BEGIN

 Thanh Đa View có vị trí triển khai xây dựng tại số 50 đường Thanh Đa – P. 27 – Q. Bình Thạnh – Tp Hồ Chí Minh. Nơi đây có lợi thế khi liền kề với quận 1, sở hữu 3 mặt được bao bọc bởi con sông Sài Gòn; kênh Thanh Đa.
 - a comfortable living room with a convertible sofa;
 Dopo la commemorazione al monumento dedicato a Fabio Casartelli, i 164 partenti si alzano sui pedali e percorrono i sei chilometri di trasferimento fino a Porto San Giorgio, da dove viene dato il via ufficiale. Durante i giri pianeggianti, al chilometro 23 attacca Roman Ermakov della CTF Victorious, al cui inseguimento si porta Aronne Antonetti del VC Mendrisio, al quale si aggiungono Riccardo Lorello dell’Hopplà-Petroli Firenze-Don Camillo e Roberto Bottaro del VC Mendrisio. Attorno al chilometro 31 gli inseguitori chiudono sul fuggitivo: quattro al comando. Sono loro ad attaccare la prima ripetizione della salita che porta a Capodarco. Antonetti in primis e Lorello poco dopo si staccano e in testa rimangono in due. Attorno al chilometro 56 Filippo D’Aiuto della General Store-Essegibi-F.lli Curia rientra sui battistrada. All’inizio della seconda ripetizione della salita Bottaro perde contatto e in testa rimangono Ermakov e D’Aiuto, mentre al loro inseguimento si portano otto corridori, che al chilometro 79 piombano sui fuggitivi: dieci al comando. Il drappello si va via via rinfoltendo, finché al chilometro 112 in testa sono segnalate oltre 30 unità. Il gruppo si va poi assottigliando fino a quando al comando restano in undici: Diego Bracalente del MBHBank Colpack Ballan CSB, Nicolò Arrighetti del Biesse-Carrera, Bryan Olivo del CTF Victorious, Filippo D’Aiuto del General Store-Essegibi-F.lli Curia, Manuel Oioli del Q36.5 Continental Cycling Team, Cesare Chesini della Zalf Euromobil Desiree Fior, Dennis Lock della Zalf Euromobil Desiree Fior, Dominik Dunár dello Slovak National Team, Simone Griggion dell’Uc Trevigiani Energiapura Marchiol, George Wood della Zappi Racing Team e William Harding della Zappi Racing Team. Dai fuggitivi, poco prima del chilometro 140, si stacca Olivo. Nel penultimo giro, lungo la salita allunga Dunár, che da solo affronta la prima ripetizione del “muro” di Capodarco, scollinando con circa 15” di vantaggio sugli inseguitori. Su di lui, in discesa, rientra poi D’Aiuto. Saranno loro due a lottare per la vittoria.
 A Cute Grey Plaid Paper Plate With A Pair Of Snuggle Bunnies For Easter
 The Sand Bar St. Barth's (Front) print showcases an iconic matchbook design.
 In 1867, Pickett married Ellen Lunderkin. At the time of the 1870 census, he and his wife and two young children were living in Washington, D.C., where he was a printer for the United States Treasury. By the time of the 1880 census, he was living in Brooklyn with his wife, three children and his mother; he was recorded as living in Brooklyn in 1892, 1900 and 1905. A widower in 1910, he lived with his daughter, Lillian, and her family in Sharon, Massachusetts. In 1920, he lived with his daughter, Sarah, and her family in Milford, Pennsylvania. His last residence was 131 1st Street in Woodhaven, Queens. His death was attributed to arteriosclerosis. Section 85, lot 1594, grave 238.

END

## [EXERCISE AIM]
Filtering the entries above by the word "living", copy each line that matches.

## [SOLUTION TO THIS TASK]
 - a comfortable living room with a convertible sofa;
 In 1867, Pickett married Ellen Lunderkin. At the time of the 1870 census, he and his wife and two young children were living in Washington, D.C., where he was a printer for the United States Treasury. By the time of the 1880 census, he was living in Brooklyn with his wife, three children and his mother; he was recorded as living in Brooklyn in 1892, 1900 and 1905. A widower in 1910, he lived with his daughter, Lillian, and her family in Sharon, Massachusetts. In 1920, he lived with his daughter, Sarah, and her family in Milford, Pennsylvania. His last residence was 131 1st Street in Woodhaven, Queens. His death was attributed to arteriosclerosis. Section 85, lot 1594, grave 238.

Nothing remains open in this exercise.